Wenn Männer Waschmaschinen programmieren

Ja, es ist toll, dass wir jetzt eine Waschmaschine haben, doch es nützt uns nichts, wenn sie nicht ordentlich wäscht.
Dann ist das nichts Halbes und nichts Ganzes.
Im Grunde ist es schon traurig, wenn die ganze studierte Klientel nicht dazu in der Lage ist, eine vernünftige Waschmaschine herzustellen, die den Anforderungen einer normalen sauberen Wäsche gerecht wird.
Erst habe ich mich gewundert, warum die Wäsche fast dreckiger wieder aus der Waschmaschine kommt, als ich sie reinhabe.
Weiße Schlieren überall und von sauber keine Spur.
Zuerst dachte ich noch, das ist vielleicht das Pulver und ich habe zu viel davon verwendet oder es hat sich irgendwo in der Maschine davon etwas abgelagert.
Deshalb nahm ich keinerlei Pulver mehr und Entkalkte meine Waschmaschine vorsichtshalber erst einmal, es hätte ja auch Kalk sein können.
Nach dieser ganzen Aktion, kam sie aber immer noch so halbgewaschen wieder aus der Maschine.
Deshalb habe ich mir gedacht, ich schaue dem ganzen Treiben einmal zu.
Danach wusste ich, woran es lag.
Die Maschine wurde von Dilettanten entwickelt und programmiert.
In dem Wahn, an falscher Stelle Wasser zu sparen, hätten sich die Waschmaschinenhersteller gleich das Bauen von Waschmaschinen sparen können.
Was ich da sah, spottete jeder Beschreibung.

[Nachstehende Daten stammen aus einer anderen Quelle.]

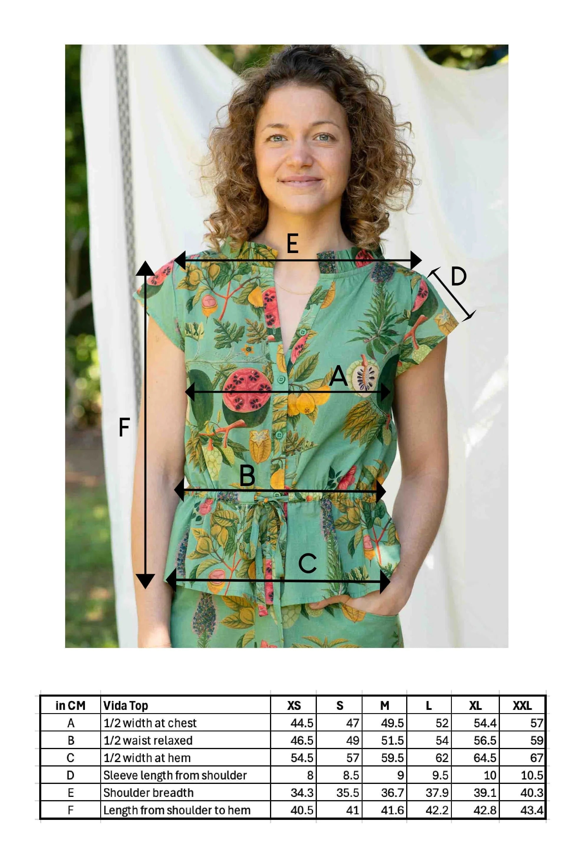Helene wear Vida top in Flora back with Ollie linen pant in Mineral Green in Size S. See photos for a size chart.

Bereits beim Hauptwaschgang zog die Maschine so wenig Wasser, dass die Kleidung gerade mal so etwas wie angefeuchtet wurde. Diese Anfeuchtung führte jedoch dazu, dass der Dreck, jetzt zähflüssiger in der Waschmaschine war und sich gleichmässig auf die Wäsche verteilte. Nun könnte man meinen, OK, er wird dann weggespült, doch weit gefehlt. Nach dieser Aktion, wurde erst einmal diese Pampe schön in das Gewebe geschleudert. Nach dieser Prozedur, wurden gefühlte zwei Wassergläser Wasser für den Spülvorgang geholt und dreimal die Maschine umgedreht, damit Mann sagen kann, es wurde gespült.
Danach wird dann auch diese Pampe durch einen viel zu langen Schleudergang noch mehr in die Wäsche gearbeitet. Das Ganze wiederholt sich dann dreimal und dann wundert sich Hausfrau, warum die Wäsche vollkommen dreckig wieder aus der Maschine entlassen wird.
Wenn die Herren der Schöpfung keine Lust auf saubere Wäsche haben und nur mit halben Herzen dabei sind, wenn es um die Angelegenheiten der Hausfrau geht, dann ist es kein Wunder, dass so etwas dabei herauskommt. Hier wurde an der vollkommen falschen Stelle gespart, aber es ist ja nur die Hausfrau.
Wenn Mann auch nur halbwegs seinen Verstand eingesetzt hätte, dann würde er lieber kleinere Autos bauen und das ein oder andere Mal auf sein Steak verzichten, dann wäre das Wassersparen an exakt der Stelle angelangt, wo es auch wirklich hingehört.
Ich persönlich stehe nun bei jedem Waschvorgang mit einem Milchtopf Spalier und versuche in der kurzen Zeit die mir dafür bleibt, so viel Wasser wie möglich in den Wasch- und Spülvorgang zu bringen und was soll ich sagen, die Wäsche kommt sauber aus der Waschmaschine. So ganz gönnt uns die Männerwelt wohl doch noch nicht das wohlverdiente Beinehochlegen bei der Hausarbeit.